That doesn't void Tom's point. Even if Mann is shown thoroughly to be corrupt, for instance, that doesn't mean that everybody on his side of the debate is also corrupt. Or their data bad. Guilt by association?
As long as either side has as part of their argument, "The other side is biased, so it must be wrong!" this is a crap debate. And even if we stipulate that the AGW side started the Ad Hominems, it's still an Ad Hominem to point that out as part of your argument.
The whole Mann thing is akin to Pons and Flieschman. That is, the event is used as ammunition against anything pro cold-fusion (or, heck, fusion in general). Is that fair? Forget fair... does that get us closer to the answer?

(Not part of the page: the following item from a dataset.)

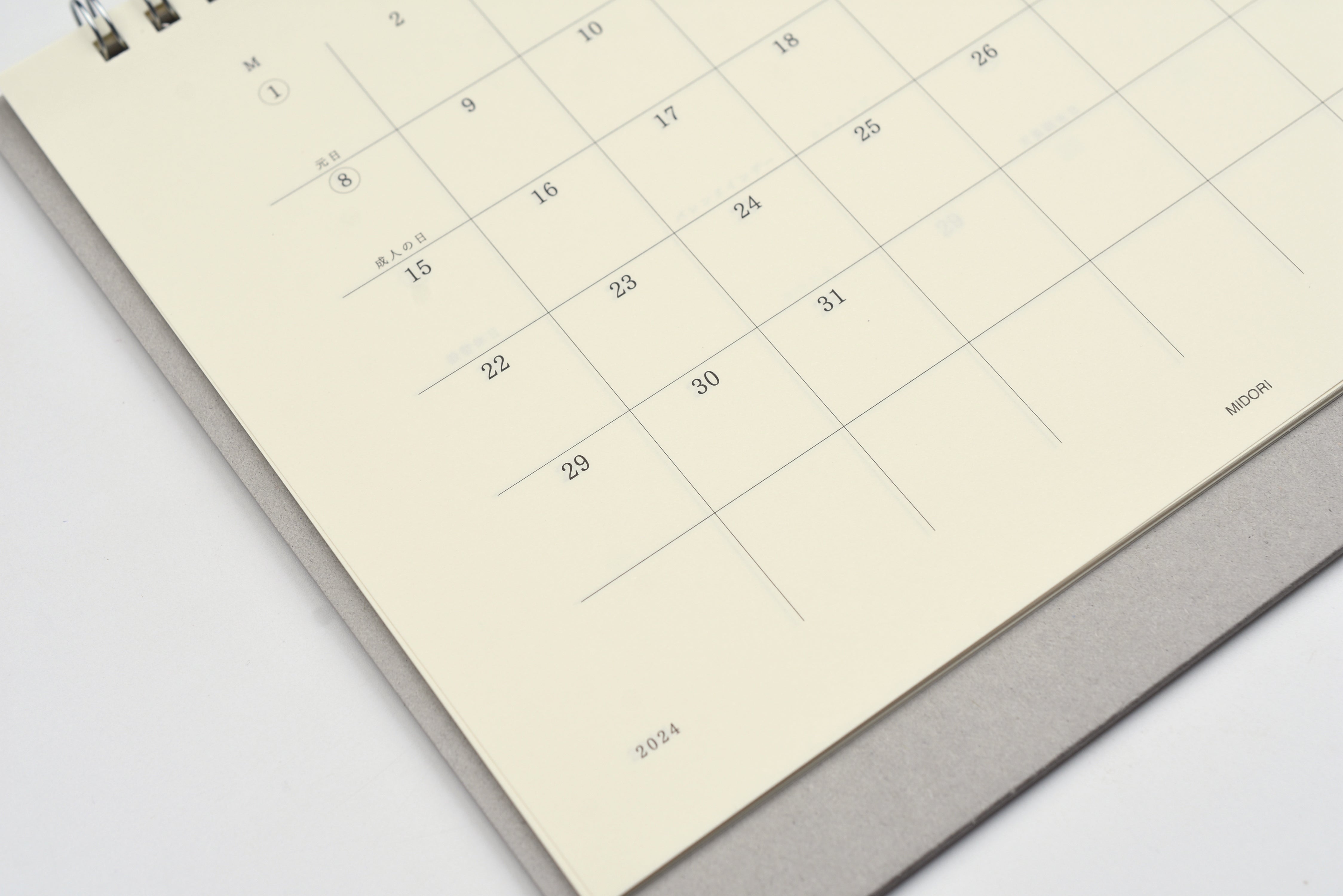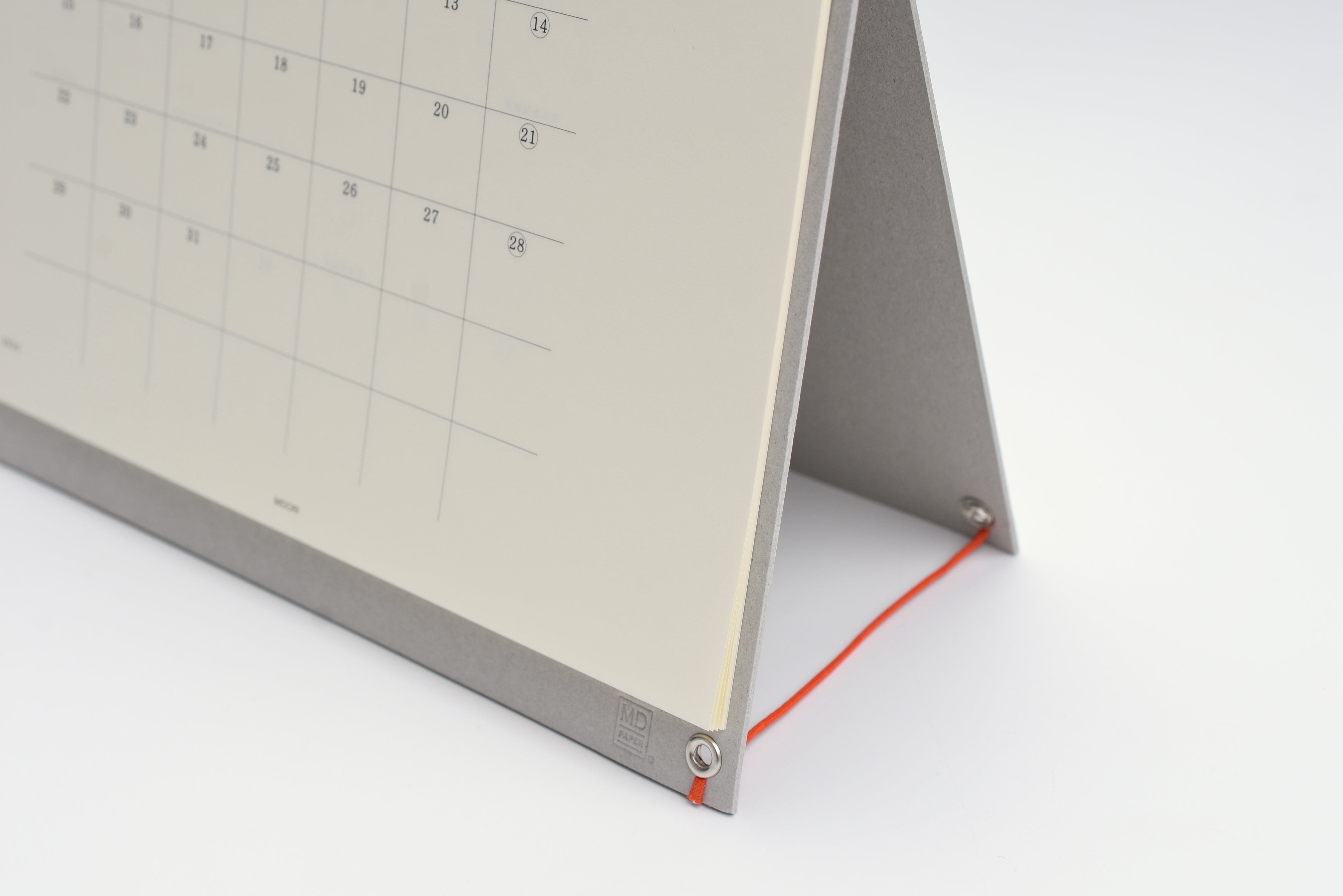 This minimal desktop calendar displays one month per page with blanks space on the right for quick notes and additional unlined memo pages for more writing space. The attached string can be tied between the holes, making it easy to stand and fold the calendar. This is the perfect desktop calendar for the minimalist that wants to see a whole month in a glance.

Mann is old, old news at this point. Anybody using that event doesn't have an argument, they have a vague opinion.
Frankly, I don't buy that AGW is proven by any means. But it's the arguments that point out that we don't understand the effects of the various possible inputs that are convincing to me. Not attacks on the credibility of some scientists (other than Mann) that I find very credible. They can be both credible, and even correct in the small scale, and yet wrong on the larger scale.
And the idea that there are no studies coming out that are pro-cooling (or pro-zero change) is ludicrous. I read them on almost a daily basis. right alongside studies that indicate warming. Arguments against AGW should stick to pointing out whether or not such data is being included in overall theories. Like the PDO data.
Huh, seems that somebody is paying attention to these things:
http://www.sciencedaily.com/releases/20 ... 230140.htm
Let's stop pretending that those two web-sites represent their respective sides in their entirity.